Joackim Fagerjord

Personal information
- Full name: Kent Joackim Håkon Fagerjord
- Birth name: Kent Joackim Håkon Åberg
- Date of birth: 22 July 1998 (age 28)
- Height: 1.88 m (6 ft 2 in)
- Position: Midfielder

Team information
- Current team: GAIS
- Number: 7

Youth career
- Kungsbacka IF
- –2014: Onsala BK
- 2015–2017: BK Häcken

Senior career*
- Years: Team / Apps / (Gls)
- 2014: Onsala BK / 9 / (0)
- 2017–2019: Onsala BK / 53 / (11)
- 2020–: GAIS / 127 / (5)

= Joackim Fagerjord =

Swedish footballer (born 1998)

Joackim Fagerjord (born 22 July 1998) is a Swedish footballer who plays as a midfielder for GAIS in Allsvenskan.

==Career==
He started his youth career in Kungsbacka IF and went on to Onsala BK, making his senior debut in 2014 before joining BK Häcken's academy. He won the Gothia Cup with both Onsala and Häcken. He was later rejected by BK Häcken, and returned to Onsala.

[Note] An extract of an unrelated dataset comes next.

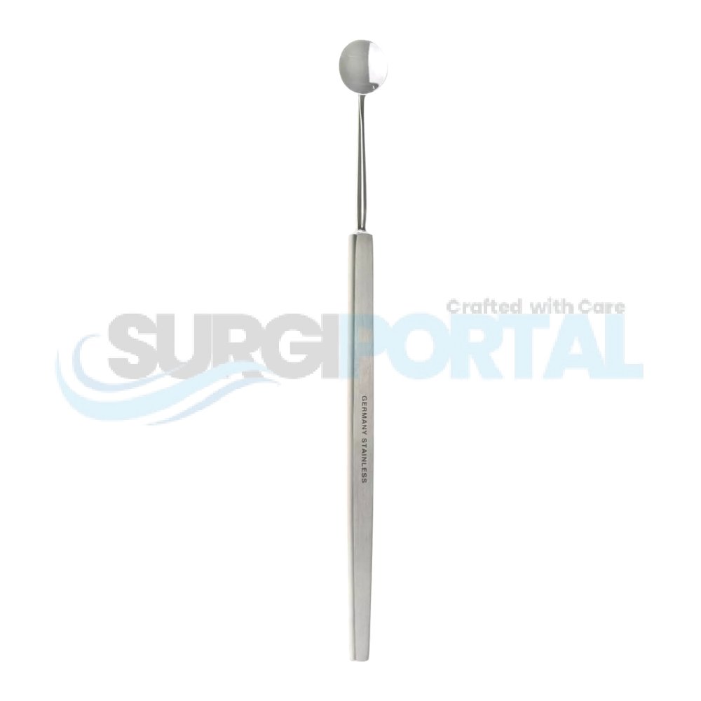 Bunge Evisceration Spoon – Large is a specialized ophthalmic instrument designed for use in eye evisceration procedures. Made from surgical-grade stainless steel, it features a smooth, rounded spoon-shaped blade that facilitates the removal of ocular contents with minimal trauma. The large size is suitable for cases requiring broader coverage and efficient tissue handling. Its ergonomic design ensures optimal control for the surgeon, while the polished finish guarantees ease of cleaning and sterilization. This instrument is a reliable choice for ophthalmic surgeons worldwide.

Playing for Onsala in Division 2, the fourth tier of Swedish football, Åberg trained with Degerfors IF in the winter of 2018–19 before signing for GAIS after the 2019 season. He knew their assistant manager Fredrik Holmberg. Later, another player joined who knew both Åberg and Holmberg, Gustav Lundgren.

In 2021 Åberg lost several months in the summer/fall to knee surgery. In 2022 he lost the spring and early summer parts of the season, and had to undergo double hip surgery. He came back as a key player in GAIS' promotion from the third tier. His contract was prolonged to the end of 2023.

He underwent surgery again ahead of the 2023 season. The pre-season turned out to be very promising for GAIS and for Åberg, and a contract extension was already being discussed. It was now prolonged until the end of 2026, reportedly as a club like Boluspor showed their interest.

GAIS won promotion to the 2024 Allsvenskan. In their pre-season assessment of the team, Fotbollskanalen wrote: "the main key is the team's hub, Joackim Åberg. The midfielder's linking play, elegant composure and safe passing foot get GAIS' play flowing. That fact becomes extra tangible when the 25-year-old cannot play. The squad lacks a pure alternative to Åberg with similar qualities - which means that his importance only increases". Åberg made his Allsvenskan debut in March 2024 against Brommapojkarna, and played his 100th league match for the club in October 2024. However, in November he was ruled out due to yet another hip surgery.

==Personal life==
In July 2025 he changed his surname to his mother's name, Fagerjord.